Meager Sets in Arens-Fort Space
It has been suggested that this page be renamed. In particular: Should this refer to meager subspaces? We have defined meager solely in terms of its own topology, not that of a superspace. Do we need to define "meager subspace" or can we specify that the subspace is meager under its own subspace topology? We need to make sure that this is a valid approach (e.g. is "meager" a hereditary property?) To discuss this page in more detail, feel free to use the talk page. |
Theorem
Let $T = \struct {S, \tau}$ be the Arens-Fort space.
Let $A \subseteq S$.
Then $A$ is meager if and only if $A = \set {\tuple {0, 0} }$.
Proof
First let $A = \set {\tuple {0, 0} }$.
From the definition of Arens-Fort space, $\set {\tuple {0, 0} }$ is closed because $S \setminus \set {\tuple {0, 0} }$ is open.
From Closed Set Equals its Closure:
- $\set {\tuple {0, 0} }^- = \set {\tuple {0, 0} }$
where $\set {\tuple {0, 0} }^-$ denotes the closure of $\set {\tuple {0, 0} }$.
From the definition of Arens-Fort space, $\set {\tuple {0, 0} }$ is not open.
Therefore the smallest open set contained in $\set {\tuple {0, 0} }$ is $\O$.
Hence:
- $\set {\tuple {0, 0} }^\circ = \O$
where $\set {\tuple {0, 0} }^\circ$ denotes the interior of $\set {\tuple {0, 0} }$.
Thus we have that:
- $\paren {\set {\tuple {0, 0} }^-}^\circ = \O$
and so by definition $\set {\tuple {0, 0} }$ is nowhere dense in $T$.

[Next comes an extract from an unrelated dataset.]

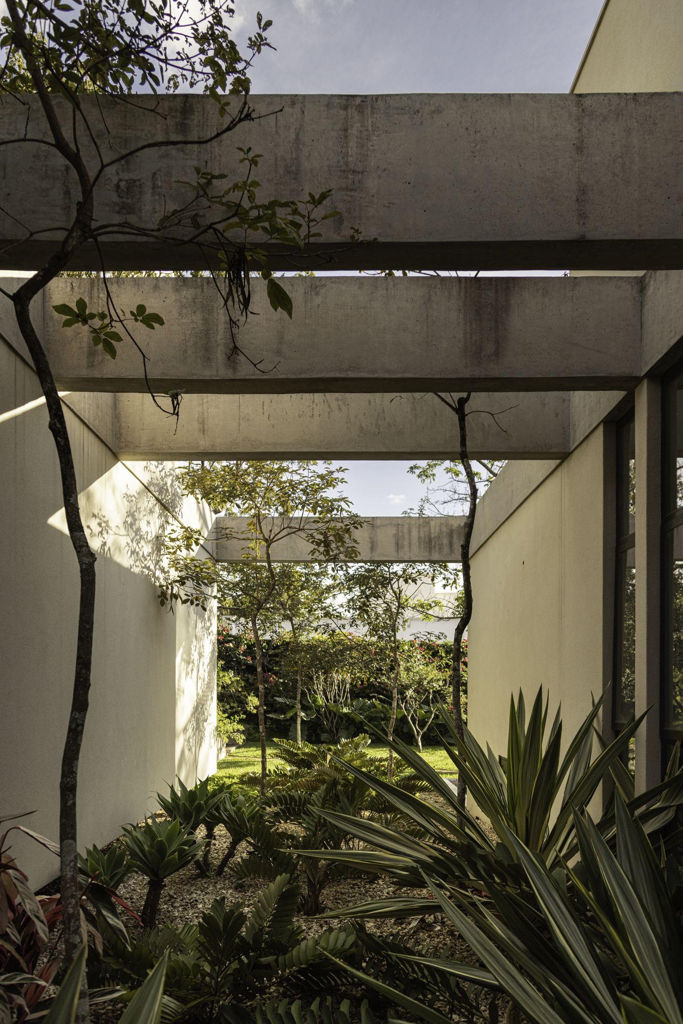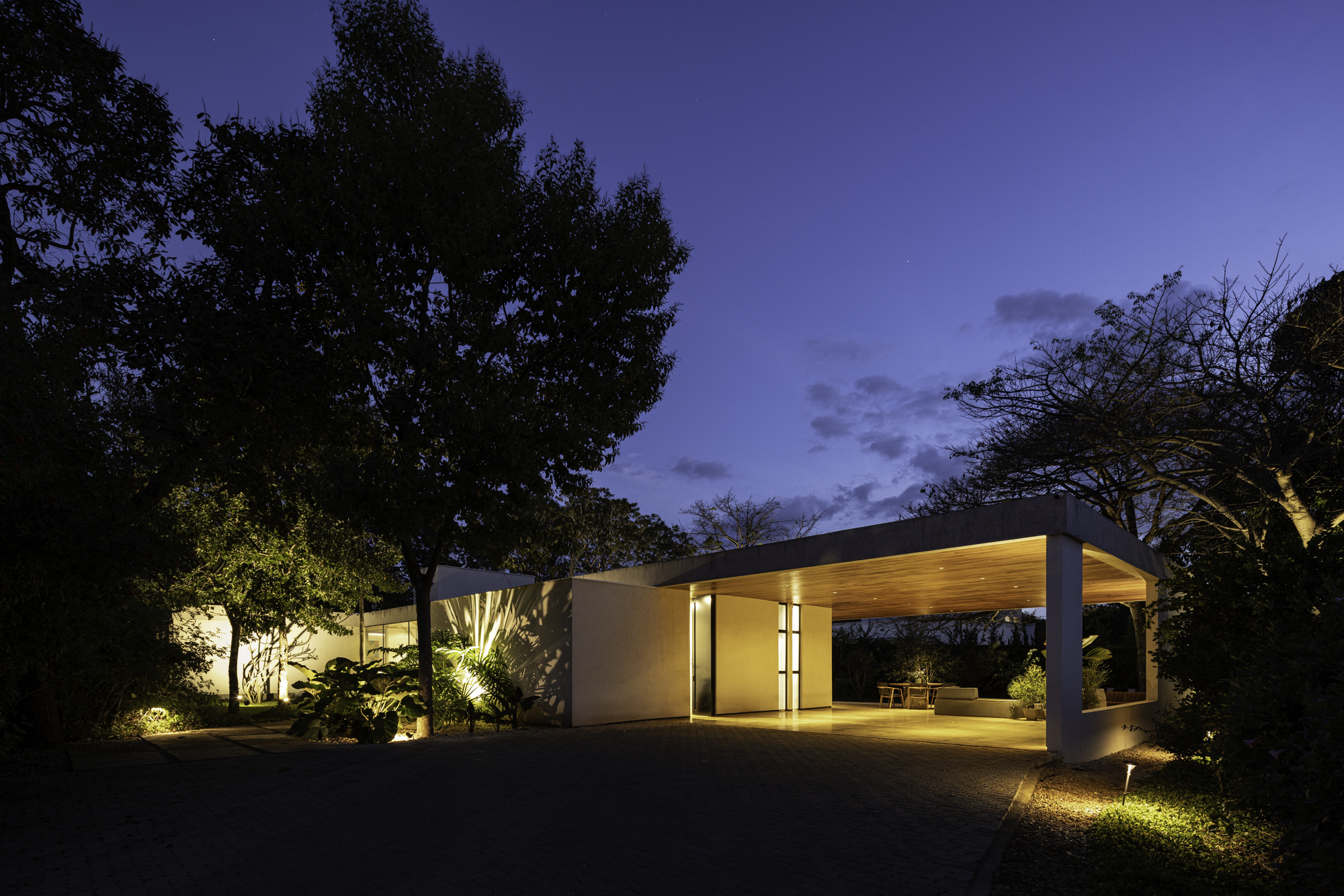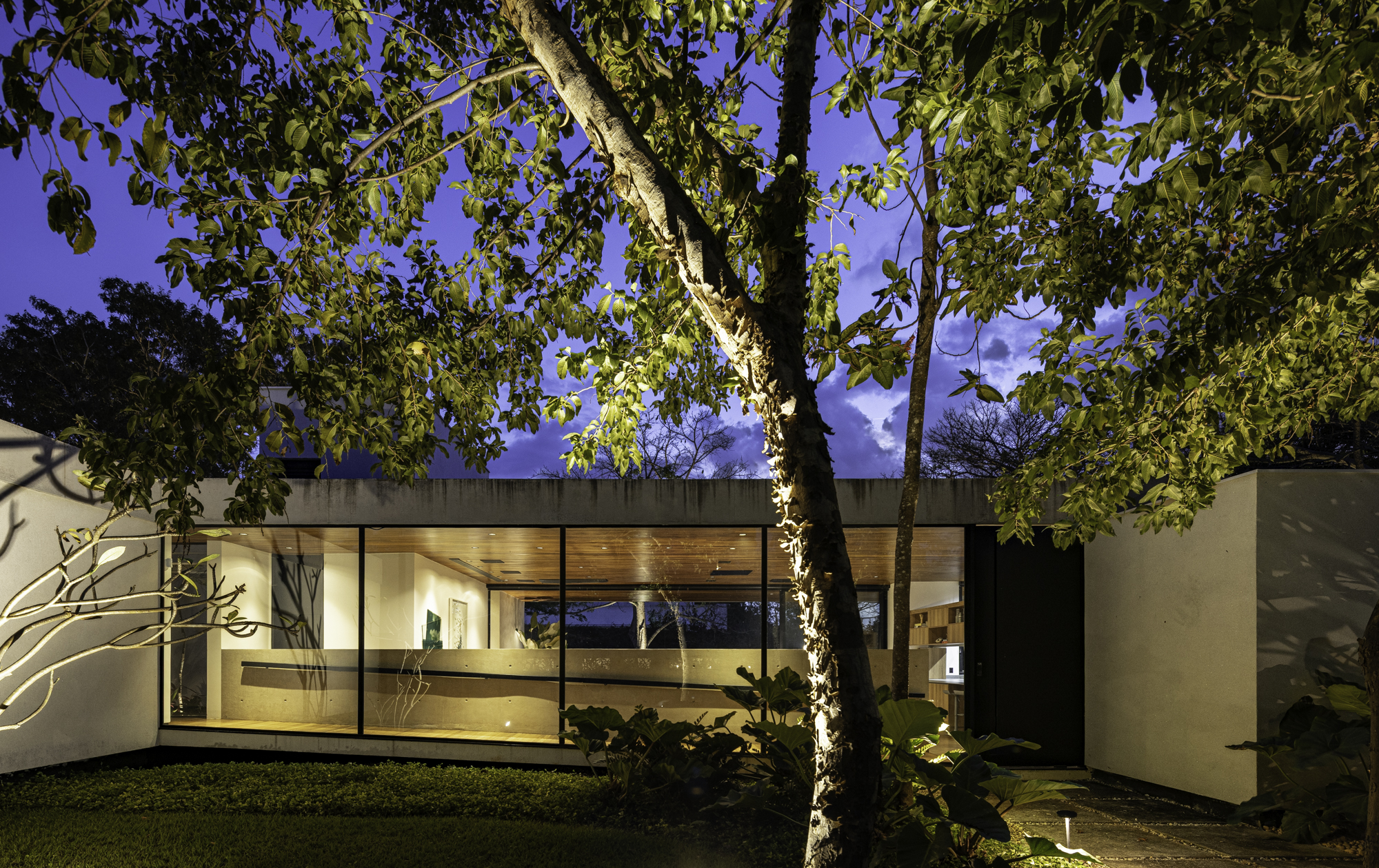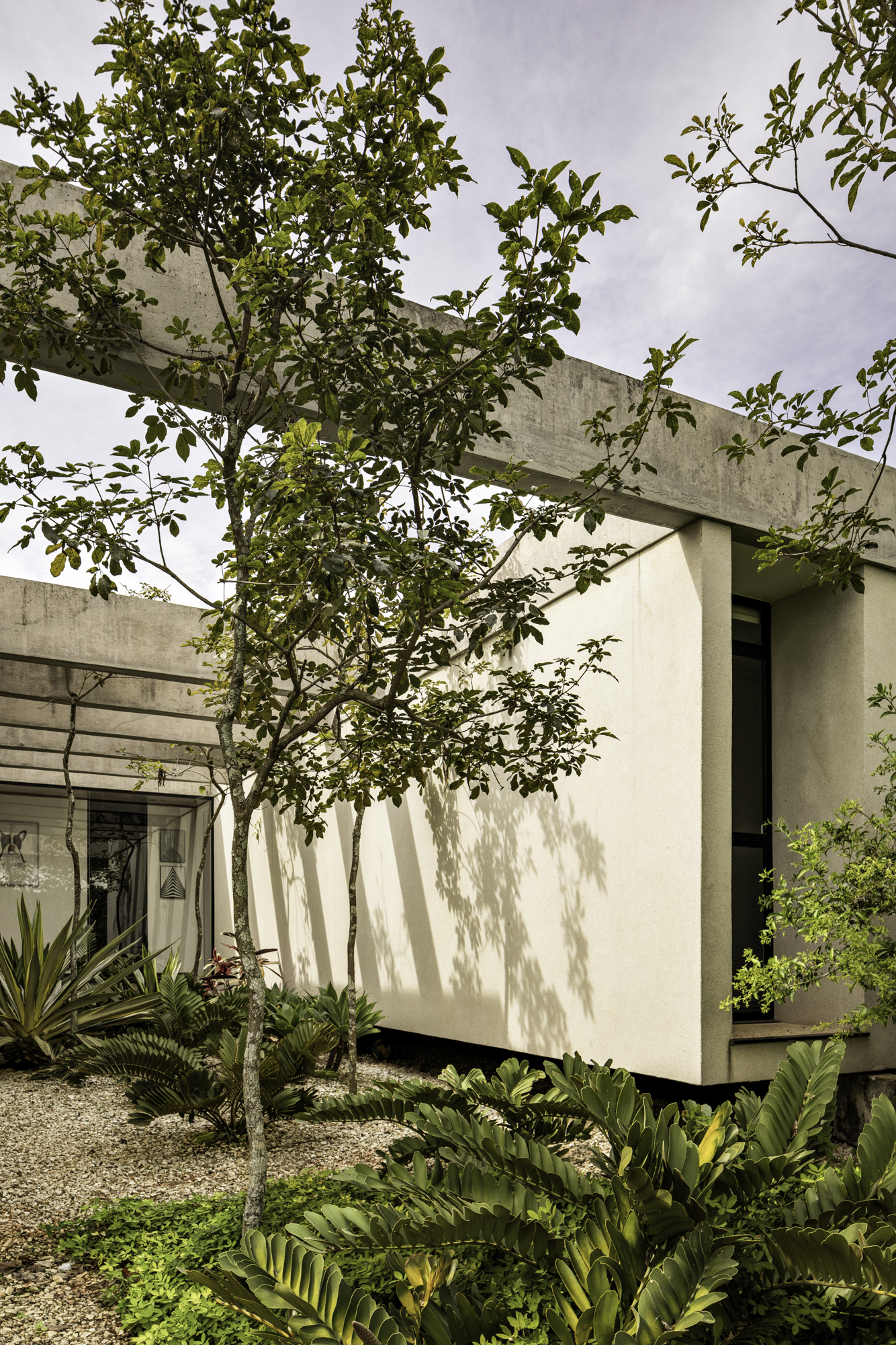 O paisagismo vai além da estética, ele contribui para o microclima da residência e reforça a imersão na natureza. As paineiras merecem um destaque especial. As floradas e painas da espécie marcam as estações. Esse ciclo natural traz aos moradores a chance de perceber o tempo através da paisagem.

From Union of Singleton it trivially follows that $\set {\tuple {0, 0} }$ is the union of a countable set of subsets of $S$ (that is: just the one) which are nowhere dense in $S$.
Hence by definition $\set {\tuple {0, 0} }$ is meager.
$\Box$
Now assume $A \ne \set {\tuple {0, 0} }$.
Then $\exists x \in A: x \ne \tuple {0, 0}$.
By definition of the Arens-Fort space, $\set x$ is open in $T$.
Thus, from Interior of Open Set $\set x^\circ = \set x$.
Hence $\set x \subseteq \paren {\set x^-}^\circ$ and by definition is not nowhere dense in $T$.
So $A$ is not the union of a countable set of subsets of $S$ which are nowhere dense in $S$.
So, by definition, $A$ is not meager.
$\blacksquare$